Вместо заключения. В «Journal du dimanche» Вы много говорите о том, что больше не хотите вообще иметь привязанности к какому-либо месту, «я всегда был странником. Во Францию я продолжу приезжать, но лишь как гость. Сейчас я чувствую себя все более и более свободным и т.д.» и Вас пристрастно цитируют другие средства массовой информации, принимая все за чистую монету. В связи с этим не могу не вспомнить Ваше давнишнее высказывание. Несколько лет тому назад в одном из интервью, Вы признались журналистам: «Я часто мечтаю сменить имя, внешность, превратиться в другого человека. Мне хочется все придумать для себя заново: прошлое, настоящее, будущее. Как бы сложилась моя жизнь, не стань я паяцем? Возможно, я выбрал бы профессию художника и наверняка рисовал так же, как мой любимый Фрэнсис Бэкон.

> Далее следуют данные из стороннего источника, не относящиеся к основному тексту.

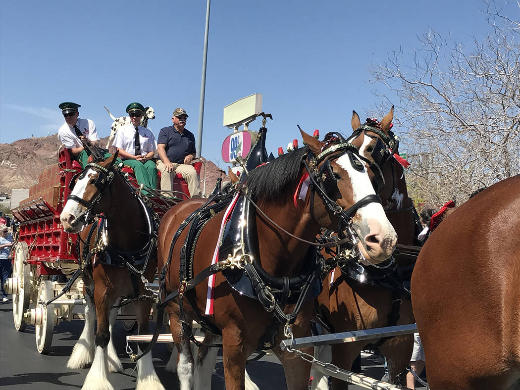 On March 24, Anheuser-Busch brought a team of eight Clydesdales and a dalmatian to Boulder City as a way to thank the community for its support. Hundreds of people came out to see them in the parking lot in front of Medolac.

Его картины невероятно точно фиксируют парадоксальное, зыбкое состояние человеческой души. Своим портретом я считаю одно из его полотен – там изображён мужчина с растекающейся головой, человек, границы которого размыты. Он не хороший, не плохой, не чёрный, не белый – палитра из самых разнообразных красок. Неуловимый, необъяснимый, непостижимый – такой же, как и я». Мне кажется, и это новое высказывание, и вся история с получением российского паспорта как раз и есть ещё один вираж в попытке придумать себе новую жизнь. Лично я с восхищением смотрю, как талантливо Вам удаётся проживать свою жизнь как новую роль, Вами же сочинённую и срежиссированную, даже если иногда эта придумка грешит вкусом. Справедливости ради все же замечу, что Ваше пристрастие к России началось много раньше получения гражданства, и связано было, прежде всего, с особой любовью к русской классической литературе, в первую очередь, конечно, к Достоевскому, с героями которого Вы всегда испытывали внутреннее сродство. Ну, а в смысле народной любви – российское гражданство с Вами уже несколько десятилетий.

С неизменным восхищением,

Екатерина Богопольская

PS. В середине 80-х на московском фестивале, куда Вы приехали вместе с продюсером Мишелем Думенгом, я три дня ждала обещанного интервью с Вами, три дня мы разговаривали по телефону, и каждый раз Вы находили весомую причину отложить нашу встречу. В последний вечер сострадательный Мишель нашёл возможность все-таки привезти Вас в зал пресс-клуба гостиницы «Россия» – увы, в столь поздний час Вы явно были не в состоянии давать интервью. Об остальном умолчу. Но факт остаётся фактом: обещанное интервью за Вами.